望天树人工林根际土壤理化性质及微生物群落特征

以望天树纯林(WC)、望天树×降香黄檀(WJ)和望天树×尾巨桉(WA)混交林为研究对象,对比分析不同林分中望天树根际土壤理化性质,并利用Biolog-Eco微平板法和磷脂脂肪酸(PLFA)甲酯法研究根际微生物群落特征,探讨不同混交树种对望天树根际土壤微生态环境的改善作用。结果表明: 3种林分望天树根际土壤含水量、pH值、有机质、全氮、全钾含量及蔗糖酶、脲酶和酸性磷酸酶活性均表现为WA显著高于WC和WJ,而WC和WJ差异不显著;硝态氮、铵态氮、速效钾含量表现为WA和WJ差异不显著,二者均显著高于WC;全磷和速效磷含量表现为WJ>WA>WC,林分间差异显著。3种林分望天树根际土壤微生物平均颜色变化率(AWCD) 、Shannon指数、Simpson指数和McIntosh指数及6类碳源底物利用情况均表现为WA>WJ>WC;主成分分析表明,碳水化合物类、氨基酸类和酚酸类化合物是望天树人工林根际土壤微生物主要利用的碳源。3种林分望天树根际土壤微生物总PLFA及细菌、真菌、放线菌的PLFA含量均表现为WA>WJ>WC。
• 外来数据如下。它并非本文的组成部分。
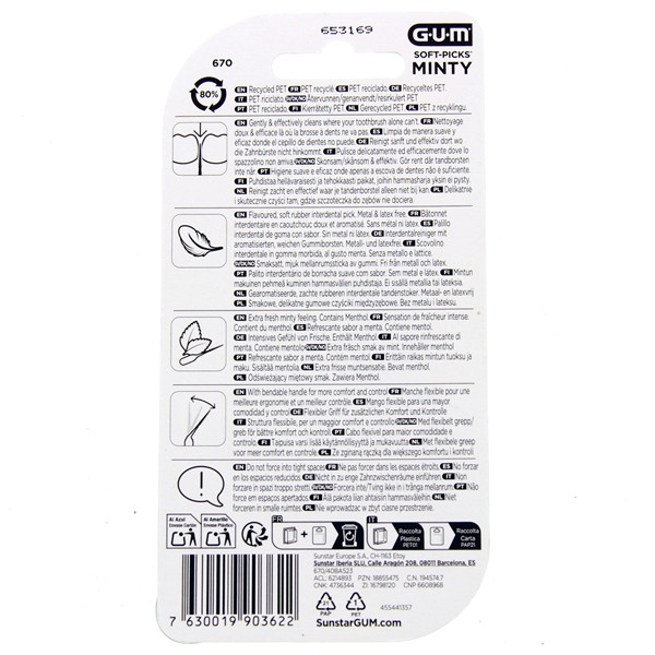 Les brossettes interdentaires Gum Soft Picks Comfort Flex sont composées de caoutchouc souple. Elles ne contiennent ni métal ni latex. De plus, elles sont enrichies en menthol pour une sensation de fraîcheur agréable. Le coffret est livré avec un étui de voyage pratique.
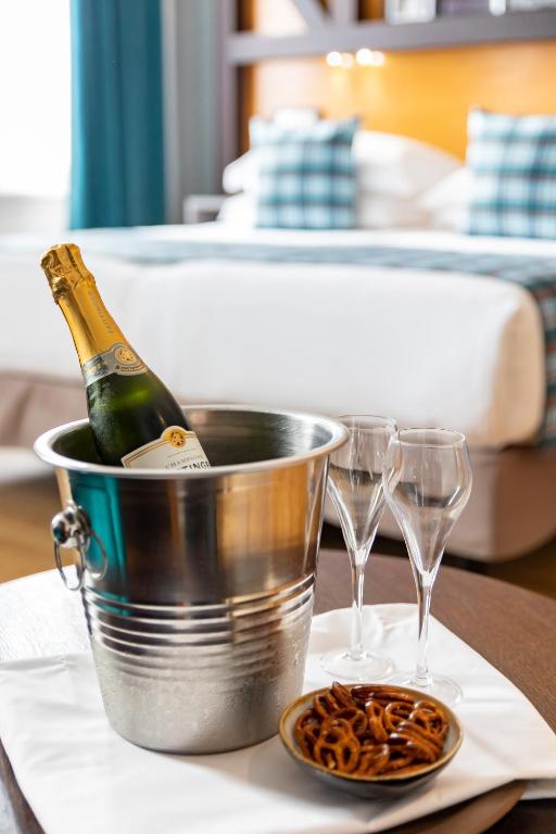 Un petit-déjeuner buffet composé d'œufs brouillés et de bacon vous sera servi chaque matin dans l'élégante salle de style alsacien prévue à cet effet. Bénéficiant de fauteuils propices à la détente, l'hôtel possède un bar moderne exposant des peintures d'artistes locaux.

相关性分析表明,土壤理化性质(包括含水量、pH值、有机质、全氮、全钾、硝态氮、铵态氮、速效钾含量及蔗糖酶、脲酶和酸性磷酸酶活性)与微生物特征(即代谢活性、功能多样性指数及PLFA含量)均存在显著正相关关系。从土壤理化性质及微生物群落功能和结构特征分析来看,3种林分中望天树×尾巨桉是最有利于改善望天树幼树期根际土壤微生态环境、提高土壤可利用养分的混交模式。
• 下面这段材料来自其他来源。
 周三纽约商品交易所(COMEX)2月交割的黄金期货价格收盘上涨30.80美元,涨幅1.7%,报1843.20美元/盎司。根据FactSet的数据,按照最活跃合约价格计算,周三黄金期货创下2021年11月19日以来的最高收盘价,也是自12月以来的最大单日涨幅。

Physiochemical properties and microbial community characteristics of rhizosphere soil in Parashorea chinensis plantation

We explored the impacts of different mixed trees on the improvement of soil microecological environment in rhizosphere of Parashorea chinensis, including pure P. chinensis plantation (WC), mixed P. chinensis and Dalbergia odorifera plantation (WJ), mixed P. chinensis and Eucalyptus urophylla × E. grandis plantation (WA). Soil physical and chemical properties were analyzed. The characteristics and distribution of soil microbes in the rhizosphere were measured by the methods of Biolog-Eco micro plate and phospholipid fatty acid methyl ester (PLFA). Soil water content, soil pH, organic matter, total nitrogen, total potassium content and the activities of sucrase, urease and acid phosphatase in rhizosphere soil of WA were significantly higher than those of WC and WJ, without difference between WC and WJ. There were no significant differences in the contents of nitrate nitrogen, ammonium nitrogen, and available potassium between WA and WJ, which were obviously higher than those in WC. There were significant differences in total phosphorus and available phosphorus contents among the three stands, with an order of WJ>WA>WC. The average color change rate (AWCD), Shannon index, Simpson index, McIntosh index and the utilization of six types of carbon source substrates in microorganisms were the highest in the rhizosphere soil of WA, followed by WJ and WC. Results of principal component analysis showed that carbohydrates, amino acids and phenolic acids were the main carbon sources for microbial utilization. In WA, the PLFA content of rhizosphere soil microorganism, bacteria, fungi and actinomycetes was the highest, followed by WJ and WC. There were significant positive correlation between soil physical and che-mical properties and the microbial characteristics. Combining the physical and chemical properties of soil and the functional and structural characteristics of microbial communities, the mixed P. chinensis and E. urophylla × E.grandis plantation may be most conductive to the improvement of the rhizosphere microecological environment and increase soil available nutrients at the young tree phase of P. chinensis.